Confusion with Deduplicating; No Longer Creating Addtl Alerts on the Same Issue

justin.swall · February 15, 2022, 7:10pm

Something has changed recently that’s broken our use of PagerDuty and I don’t know how to fix it.

Previously, we’d generate alerts via e-mail and deduplicate them based on the Ticket number our system generates in the subject line. Anything between # and / would belong to the same incident/alert.

(FYI - I’m using those two words, alert and incident, interchangeably as we’ve been with PagerDuty since before these were separate things. I’m still not totally sure I understand what the difference is between these two things as it applies to our use of PagerDuty and this might be the source of our problems.)

So, as I was saying any e-mail with the same ticket number in the subject line would be deduplicated. This is because our system will send out multiple e-mail alerts about the same ticket every 10 minutes until the issue was addressed in our system. This allowed PagerDuty to only have one incident/alert in the system and generate only one page.

Once the issue was addressed in our system, an e-mail would kick off to PagerDuty closing out the incident/alert and it would be shown as resolved in the PD system.

If in the future however, the same ticket number would enter a failed state and starting generating alerts again, a new incident/alert would be created in PagerDuty then send off the page. Again, additional messages from our system about the same issue would be deduplicated until it was addressed in our system and the “all clear” was sent to PagerDuty to close out the incident/alert.

The problem is that second thing is no longer happening.

Once a ticket generates an alert/incident in PagerDuty and it gets resolved, if that same ticket goes back into a failed state again at a future date and the e-mail with the alert gets sent off to PagerDuty, PagerDuty does nothing with that e-mail. It doesn’t generate another incident/alert and we don’t get paged.

This is obviously horrible as this means we’re missing important pages.

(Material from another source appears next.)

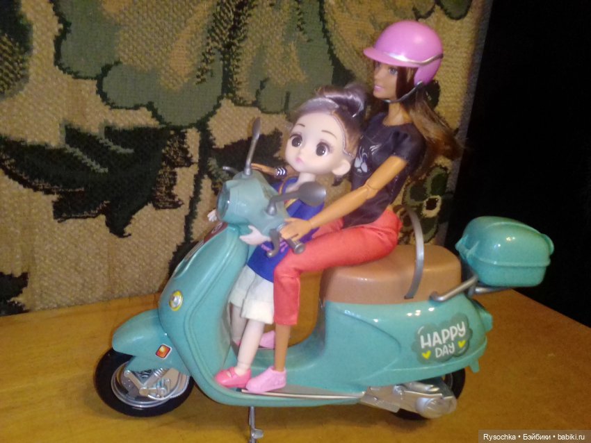 Здравствуйте! Не могу не показать, какой классный мотороллер на Яндексе купила, как настоящий Коробка большая, только пластик картонкой прикрыли и пленкой обмотали, но пришла целая. (а Чонгук пришел в твердой коробке, но упаковка с куклой мятая, такую положили). Мотороллер очень натуральный! Только «ремень безопасности» мешается.И кукла симпатичная. В общем, наснимала его со всех сторон. Парни сразу собрались на пляж ехать, а девчата устроили фотосессию как в автосалоне.

I’m not sure when this problem started happening. As pages were still coming in it seemed like it was working, but at least once or twice something that should have generated a page didn’t generate one and I just figured it might be a fluke. The same thing happened a third time this morning so I started doing testing and figured out the pattern mentioned above.

Anyone have any idea what we might need to change to work inside this new incident/alert system? I’m assuming that’s somehow related as to why this is no longer triggering a new alert/page… but I could be wrong. I’m just guessing and grabbing at straws here.

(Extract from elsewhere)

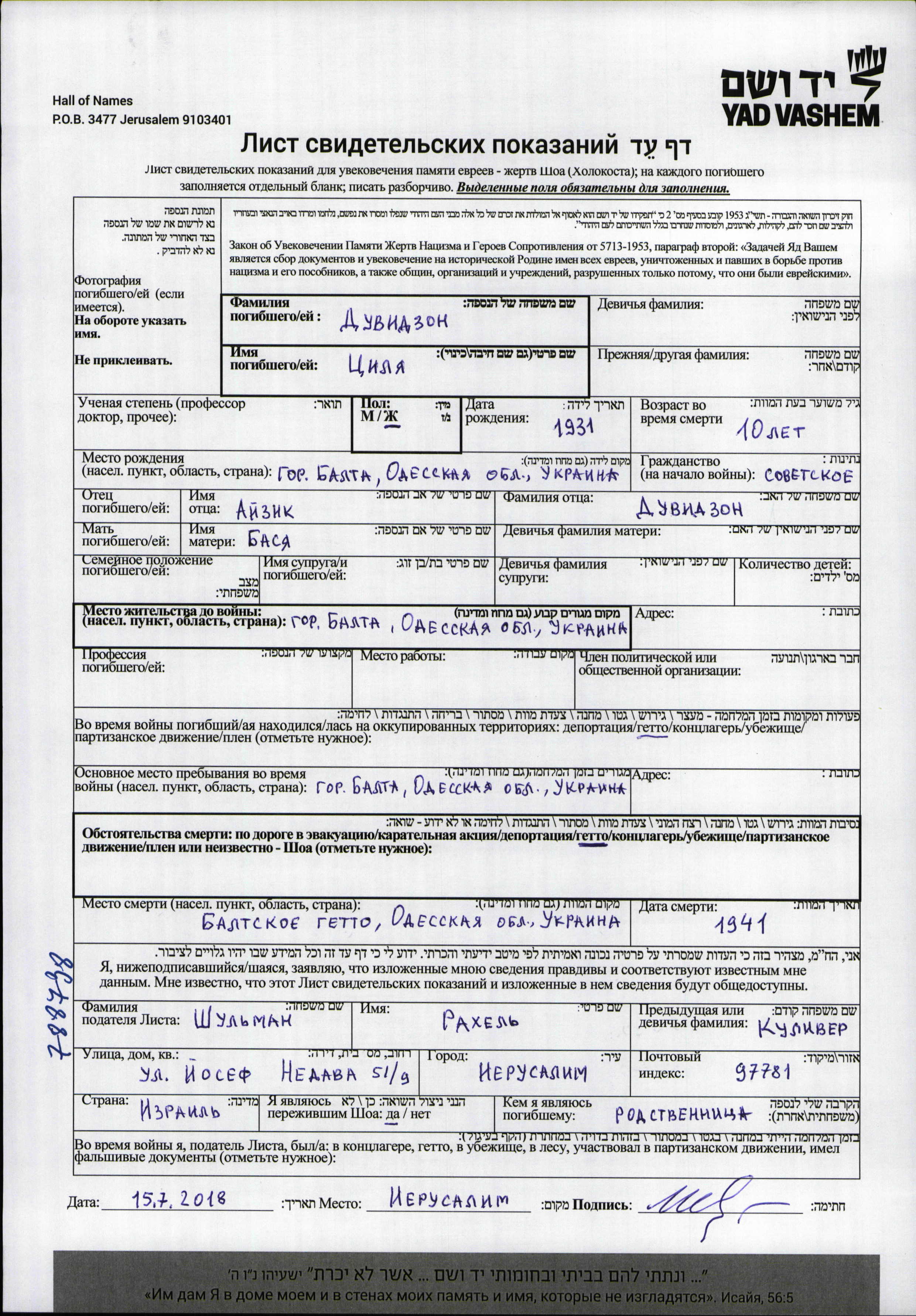 Tzilya wurde in der Schoah ermordet. Todesort: unbekannt im Jahr 1941.

Thanks for any help or ideas you might have.

– Justin Swall

dmcclure · February 16, 2022, 2:11pm

A few questions to get some more context:

Are you using an event orchestration or event ruleset email integration or a service level email integration?
Are you using regex to extract the ticket ID from your email subject and use that for your dedup key or are you just using the entire subject line as-is?
Is the subject line changing at all from the first trigger email and follow on emails? (for example, do follow on emails have “Re:” or “Fwd:” or anything different? (assuming you’re using full subject line here)
Are you defining certain conditions to map into a unique 'trigger" and ‘resolve’ action in your rules configuration?

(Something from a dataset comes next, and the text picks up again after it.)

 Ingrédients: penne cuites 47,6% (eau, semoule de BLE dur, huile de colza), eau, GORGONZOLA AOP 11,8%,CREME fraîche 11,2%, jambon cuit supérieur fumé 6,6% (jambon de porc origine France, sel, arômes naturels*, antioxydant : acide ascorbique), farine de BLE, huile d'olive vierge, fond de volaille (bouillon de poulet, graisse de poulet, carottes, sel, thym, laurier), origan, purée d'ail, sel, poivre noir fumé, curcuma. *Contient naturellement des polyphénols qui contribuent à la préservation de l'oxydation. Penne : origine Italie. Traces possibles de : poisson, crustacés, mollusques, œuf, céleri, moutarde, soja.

justin.swall · February 16, 2022, 3:30pm

Thanks for the reply @dmcclure

Our setup is very simple since it’s been humming along for years before things like Event Orchestration were part of the platform. Essentially, we just have a couple of Services defined. Each service has only three settings enabled - the On Call Now, the Escalation Policy, and an Email Integration.

Each Email Integration is configured identically to the one shown below. The only reason we even have multiple services defined is just because then it shows the service impacted on the notification in the Pager Duty app. We can then route the various types of alerts to the various e-mail addresses tied to the various services and get a bit more clarity on what type of an alert is coming in.

Let me know if there’s any additional information I can provide. Thanks!

dmcclure · February 16, 2022, 6:02pm

Are dedup/incident keys getting created as expected with the value between # and / ? If so, can you manually send in an email that should trigger and one that should resolve and have the incident created and resolved as expected?

I might also try creating a new service and email integration and test with manually sending an email just to sanity check if it works or not with a new service/email address.

justin.swall · February 17, 2022, 2:22am

The plot thickens.

I’ve done some additional testing this evening and when I do my manual test it is all working correctly as expected. I do still have a specific e-mail that I can confirm was sent that never kicked off a page, so I’ve reported the issue to support.

Doesn’t seem like this will be a forum-solvable problem. Thanks for all of your help though!